About this exercise »
Beginning at the line that contains "- 接客業は苦手な方もいる職" and finishing at the line that contains "bevictor伟德教师朱惠", output the data below exactly. Include both end lines and no pictures.

(Beginning of Dataset content)

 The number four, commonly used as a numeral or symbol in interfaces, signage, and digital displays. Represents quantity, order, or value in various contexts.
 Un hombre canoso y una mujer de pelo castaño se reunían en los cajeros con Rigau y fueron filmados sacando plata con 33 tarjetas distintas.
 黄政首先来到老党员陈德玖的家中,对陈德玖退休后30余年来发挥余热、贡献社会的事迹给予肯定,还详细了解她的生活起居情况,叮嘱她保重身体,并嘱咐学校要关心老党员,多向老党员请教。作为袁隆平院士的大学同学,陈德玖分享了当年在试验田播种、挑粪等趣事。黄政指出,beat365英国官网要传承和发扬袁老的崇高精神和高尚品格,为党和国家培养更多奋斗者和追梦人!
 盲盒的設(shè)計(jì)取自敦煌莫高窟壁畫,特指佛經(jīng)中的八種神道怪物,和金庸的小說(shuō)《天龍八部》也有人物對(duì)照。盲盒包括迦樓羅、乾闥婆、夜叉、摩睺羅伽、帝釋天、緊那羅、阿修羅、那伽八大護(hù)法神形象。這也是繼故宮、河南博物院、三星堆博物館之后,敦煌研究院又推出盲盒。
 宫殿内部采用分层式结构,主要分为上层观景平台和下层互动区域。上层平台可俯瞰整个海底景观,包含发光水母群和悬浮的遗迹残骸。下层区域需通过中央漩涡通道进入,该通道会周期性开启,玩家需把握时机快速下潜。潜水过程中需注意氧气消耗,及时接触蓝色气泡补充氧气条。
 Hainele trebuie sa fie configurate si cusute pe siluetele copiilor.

(End of Dataset content)
(Beginning of Dataset content)

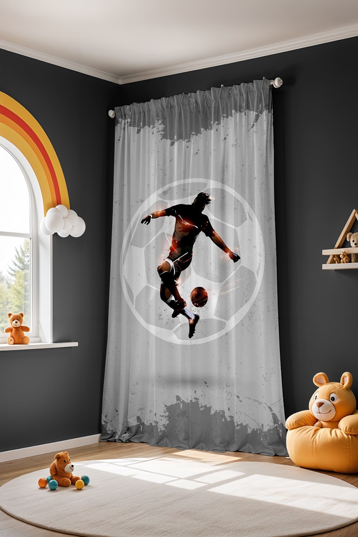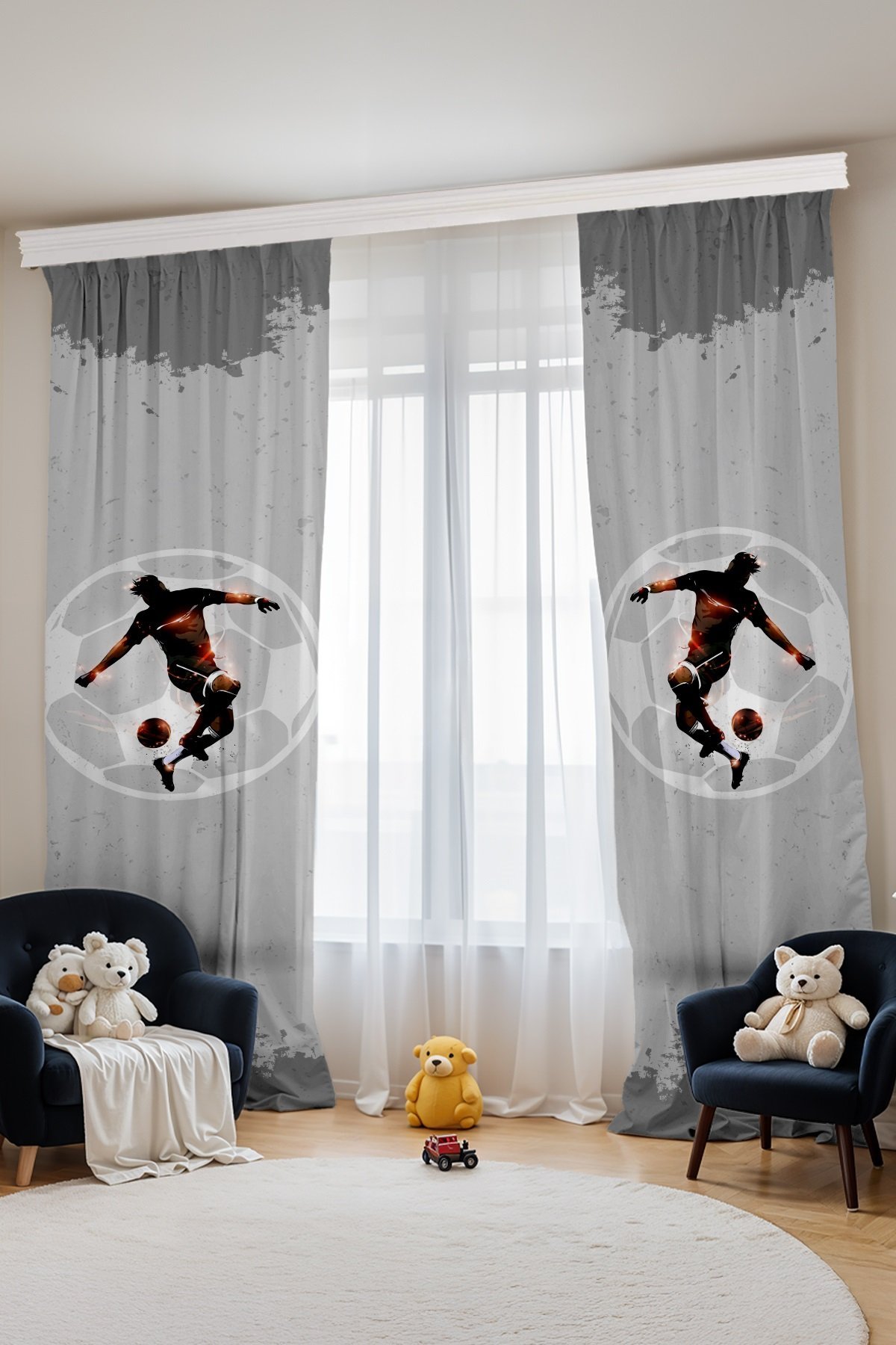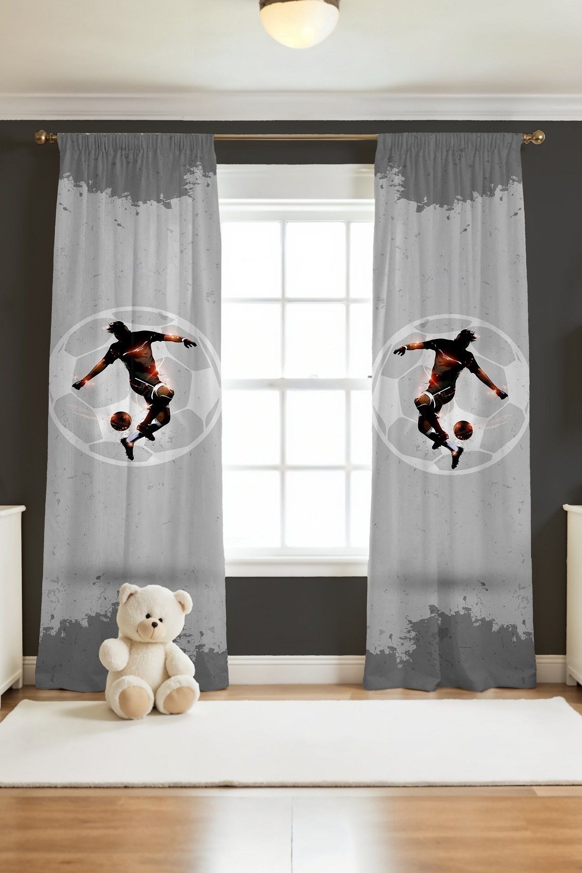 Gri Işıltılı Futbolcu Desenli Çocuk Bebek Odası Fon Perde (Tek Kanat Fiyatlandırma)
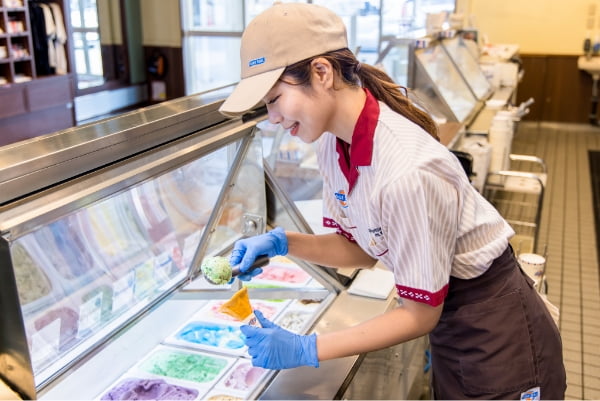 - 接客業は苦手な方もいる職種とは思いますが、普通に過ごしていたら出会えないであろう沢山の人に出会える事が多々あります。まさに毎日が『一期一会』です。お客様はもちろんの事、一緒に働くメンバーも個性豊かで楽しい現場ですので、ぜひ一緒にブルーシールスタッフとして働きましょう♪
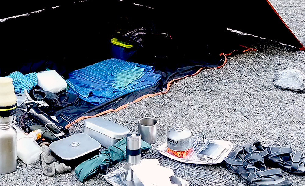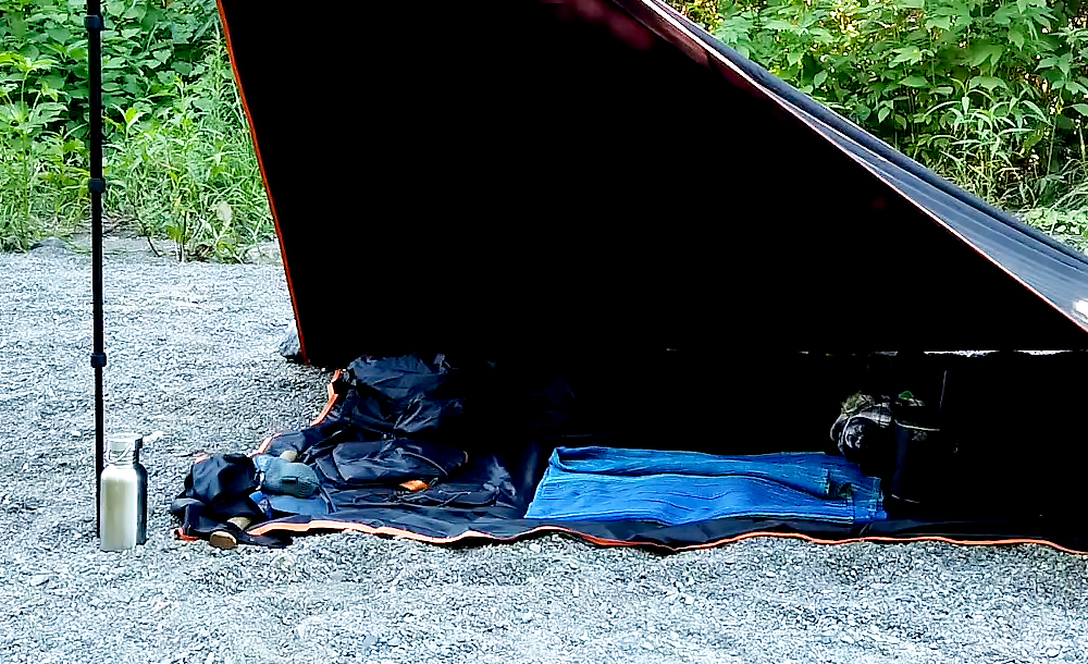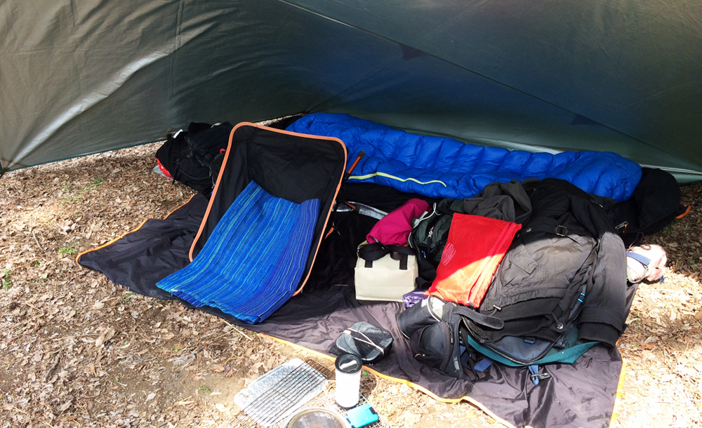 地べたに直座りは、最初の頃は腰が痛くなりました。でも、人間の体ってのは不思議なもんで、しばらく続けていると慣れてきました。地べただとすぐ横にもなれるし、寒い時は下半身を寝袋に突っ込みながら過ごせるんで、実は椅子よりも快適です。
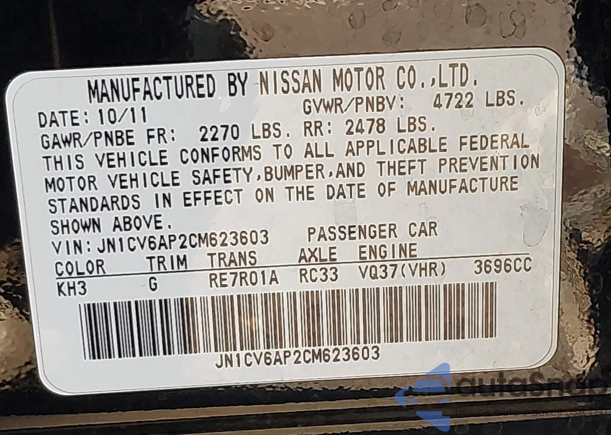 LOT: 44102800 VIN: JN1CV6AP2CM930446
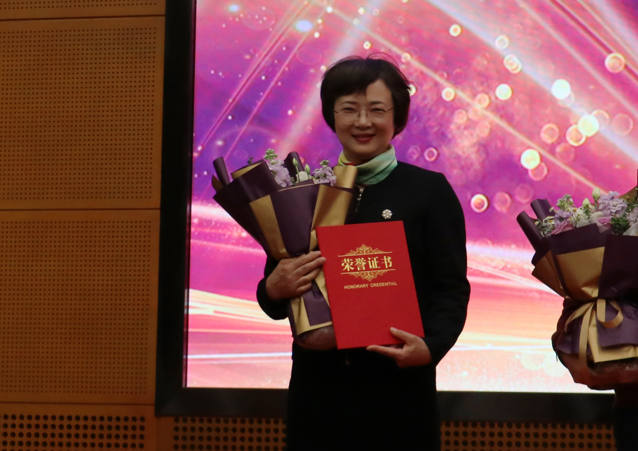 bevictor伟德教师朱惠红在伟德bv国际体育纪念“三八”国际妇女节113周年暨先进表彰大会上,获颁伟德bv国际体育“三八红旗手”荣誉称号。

(End of Dataset content)

The completed task »
 - 接客業は苦手な方もいる職種とは思いますが、普通に過ごしていたら出会えないであろう沢山の人に出会える事が多々あります。まさに毎日が『一期一会』です。お客様はもちろんの事、一緒に働くメンバーも個性豊かで楽しい現場ですので、ぜひ一緒にブルーシールスタッフとして働きましょう♪
 地べたに直座りは、最初の頃は腰が痛くなりました。でも、人間の体ってのは不思議なもんで、しばらく続けていると慣れてきました。地べただとすぐ横にもなれるし、寒い時は下半身を寝袋に突っ込みながら過ごせるんで、実は椅子よりも快適です。
 LOT: 44102800 VIN: JN1CV6AP2CM930446
 bevictor伟德教师朱惠红在伟德bv国际体育纪念“三八”国际妇女节113周年暨先进表彰大会上,获颁伟德bv国际体育“三八红旗手”荣誉称号。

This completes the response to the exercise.